### What you have to do
From the data that follows, print exactly the lines starting at the one containing "lulu短款工字运动背心女士带胸垫莱卡瑜伽服罗纹透气速干健身上衣" and ending at the one containing "the a**hole] ..."; include both of them and nothing more.

### Given data
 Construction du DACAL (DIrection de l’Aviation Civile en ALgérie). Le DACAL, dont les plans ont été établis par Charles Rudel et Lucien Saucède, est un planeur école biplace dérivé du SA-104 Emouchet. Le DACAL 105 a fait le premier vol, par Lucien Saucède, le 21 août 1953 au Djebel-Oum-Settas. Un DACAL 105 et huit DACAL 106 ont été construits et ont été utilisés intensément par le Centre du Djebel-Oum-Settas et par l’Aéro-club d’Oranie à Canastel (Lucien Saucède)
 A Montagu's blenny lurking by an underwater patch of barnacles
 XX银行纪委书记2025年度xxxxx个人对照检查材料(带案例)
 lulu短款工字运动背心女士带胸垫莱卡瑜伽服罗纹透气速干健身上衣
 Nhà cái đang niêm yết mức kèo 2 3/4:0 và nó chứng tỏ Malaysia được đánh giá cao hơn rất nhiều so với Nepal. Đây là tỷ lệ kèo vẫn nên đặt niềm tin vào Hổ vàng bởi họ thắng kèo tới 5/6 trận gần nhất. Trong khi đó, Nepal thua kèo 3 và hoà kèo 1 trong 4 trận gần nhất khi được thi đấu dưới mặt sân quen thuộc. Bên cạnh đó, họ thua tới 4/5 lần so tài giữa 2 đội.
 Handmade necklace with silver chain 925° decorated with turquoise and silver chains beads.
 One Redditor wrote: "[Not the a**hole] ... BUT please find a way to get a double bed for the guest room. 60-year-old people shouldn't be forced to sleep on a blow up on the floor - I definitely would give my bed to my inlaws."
--
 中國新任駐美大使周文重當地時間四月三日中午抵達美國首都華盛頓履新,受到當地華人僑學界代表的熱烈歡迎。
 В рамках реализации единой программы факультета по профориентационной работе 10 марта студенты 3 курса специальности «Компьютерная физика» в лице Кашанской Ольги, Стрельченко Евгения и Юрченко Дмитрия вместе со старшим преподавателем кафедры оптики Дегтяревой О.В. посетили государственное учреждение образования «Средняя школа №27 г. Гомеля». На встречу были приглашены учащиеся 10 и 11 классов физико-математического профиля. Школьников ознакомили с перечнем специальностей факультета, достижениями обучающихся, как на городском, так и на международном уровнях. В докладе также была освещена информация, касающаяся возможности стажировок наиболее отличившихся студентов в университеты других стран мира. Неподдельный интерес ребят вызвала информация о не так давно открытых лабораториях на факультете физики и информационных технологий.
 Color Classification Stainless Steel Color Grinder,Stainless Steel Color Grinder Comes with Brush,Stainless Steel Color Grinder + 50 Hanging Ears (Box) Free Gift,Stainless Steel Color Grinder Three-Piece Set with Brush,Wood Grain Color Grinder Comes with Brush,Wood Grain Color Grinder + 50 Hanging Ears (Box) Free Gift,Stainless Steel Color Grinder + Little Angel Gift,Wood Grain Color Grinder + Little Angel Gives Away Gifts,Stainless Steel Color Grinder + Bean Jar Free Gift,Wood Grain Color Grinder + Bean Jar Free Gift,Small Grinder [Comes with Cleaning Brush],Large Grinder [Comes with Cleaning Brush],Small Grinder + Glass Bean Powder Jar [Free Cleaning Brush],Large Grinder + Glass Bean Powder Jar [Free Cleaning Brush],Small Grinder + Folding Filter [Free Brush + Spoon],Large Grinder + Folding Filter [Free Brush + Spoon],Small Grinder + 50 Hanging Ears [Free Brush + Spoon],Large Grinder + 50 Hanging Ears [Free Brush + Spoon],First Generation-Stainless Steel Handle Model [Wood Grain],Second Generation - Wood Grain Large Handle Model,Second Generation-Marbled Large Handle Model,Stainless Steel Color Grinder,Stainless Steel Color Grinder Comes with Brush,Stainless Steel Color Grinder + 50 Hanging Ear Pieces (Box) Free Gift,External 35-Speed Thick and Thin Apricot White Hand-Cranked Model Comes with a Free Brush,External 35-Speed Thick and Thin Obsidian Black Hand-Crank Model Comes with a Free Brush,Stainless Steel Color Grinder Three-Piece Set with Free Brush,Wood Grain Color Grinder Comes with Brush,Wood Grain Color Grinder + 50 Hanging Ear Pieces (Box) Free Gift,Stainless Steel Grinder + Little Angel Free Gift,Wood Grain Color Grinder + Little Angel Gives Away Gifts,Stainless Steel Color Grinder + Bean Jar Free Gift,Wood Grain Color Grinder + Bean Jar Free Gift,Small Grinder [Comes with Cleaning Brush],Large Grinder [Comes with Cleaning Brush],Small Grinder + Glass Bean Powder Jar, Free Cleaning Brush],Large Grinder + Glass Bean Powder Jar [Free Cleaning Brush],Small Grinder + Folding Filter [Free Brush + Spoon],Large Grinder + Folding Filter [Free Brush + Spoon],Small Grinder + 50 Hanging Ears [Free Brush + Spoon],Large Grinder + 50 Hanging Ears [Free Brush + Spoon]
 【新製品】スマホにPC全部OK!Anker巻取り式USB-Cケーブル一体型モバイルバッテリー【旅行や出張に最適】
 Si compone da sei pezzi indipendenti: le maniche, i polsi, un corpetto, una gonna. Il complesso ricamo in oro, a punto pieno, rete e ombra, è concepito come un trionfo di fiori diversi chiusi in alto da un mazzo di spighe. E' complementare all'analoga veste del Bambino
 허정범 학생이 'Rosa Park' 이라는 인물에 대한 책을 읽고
...
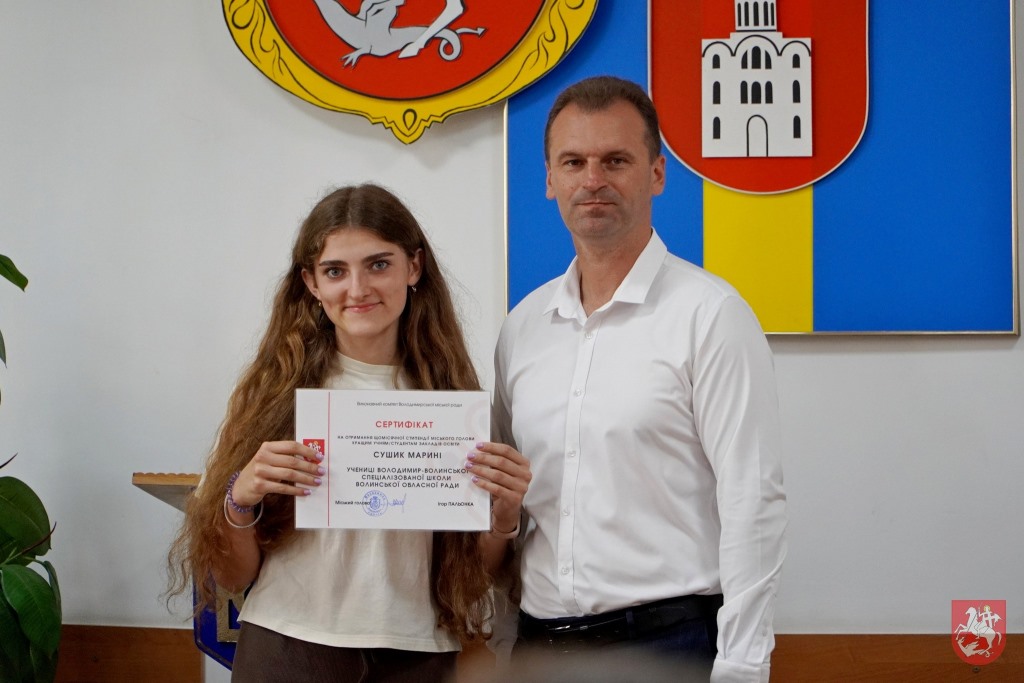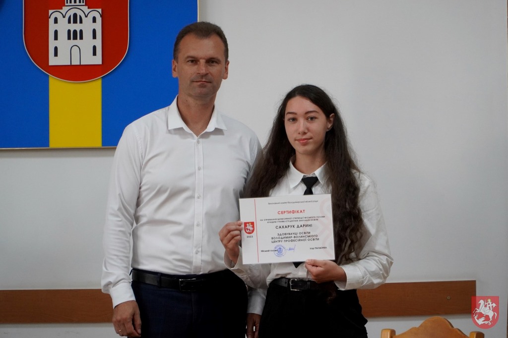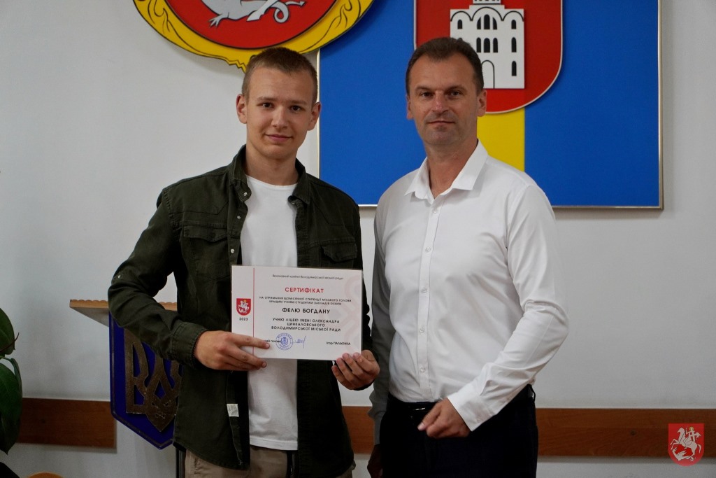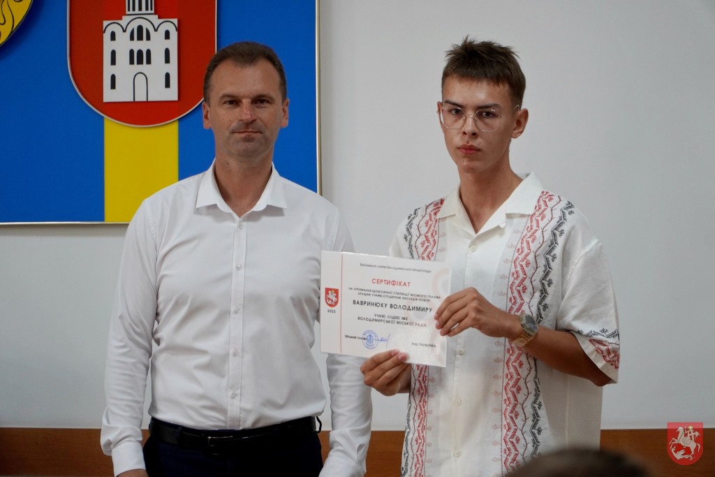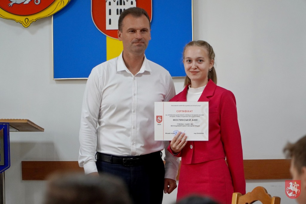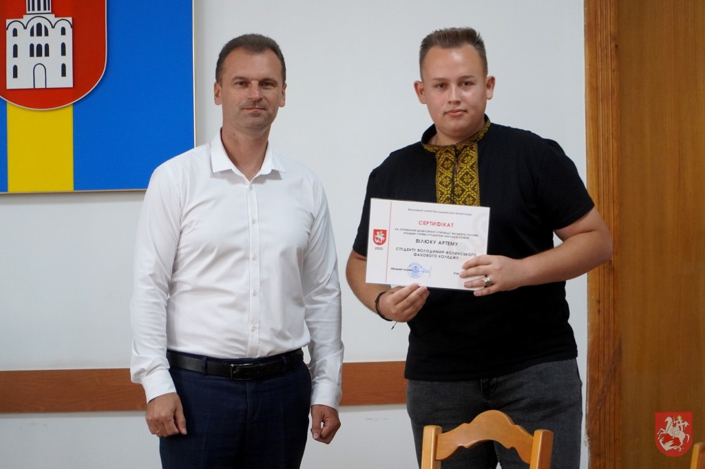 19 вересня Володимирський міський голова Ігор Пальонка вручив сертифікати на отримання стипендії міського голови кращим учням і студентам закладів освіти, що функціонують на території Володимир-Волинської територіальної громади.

### Task solution
 lulu短款工字运动背心女士带胸垫莱卡瑜伽服罗纹透气速干健身上衣
 Nhà cái đang niêm yết mức kèo 2 3/4:0 và nó chứng tỏ Malaysia được đánh giá cao hơn rất nhiều so với Nepal. Đây là tỷ lệ kèo vẫn nên đặt niềm tin vào Hổ vàng bởi họ thắng kèo tới 5/6 trận gần nhất. Trong khi đó, Nepal thua kèo 3 và hoà kèo 1 trong 4 trận gần nhất khi được thi đấu dưới mặt sân quen thuộc. Bên cạnh đó, họ thua tới 4/5 lần so tài giữa 2 đội.
 Handmade necklace with silver chain 925° decorated with turquoise and silver chains beads.
 One Redditor wrote: "[Not the a**hole] ... BUT please find a way to get a double bed for the guest room. 60-year-old people shouldn't be forced to sleep on a blow up on the floor - I definitely would give my bed to my inlaws."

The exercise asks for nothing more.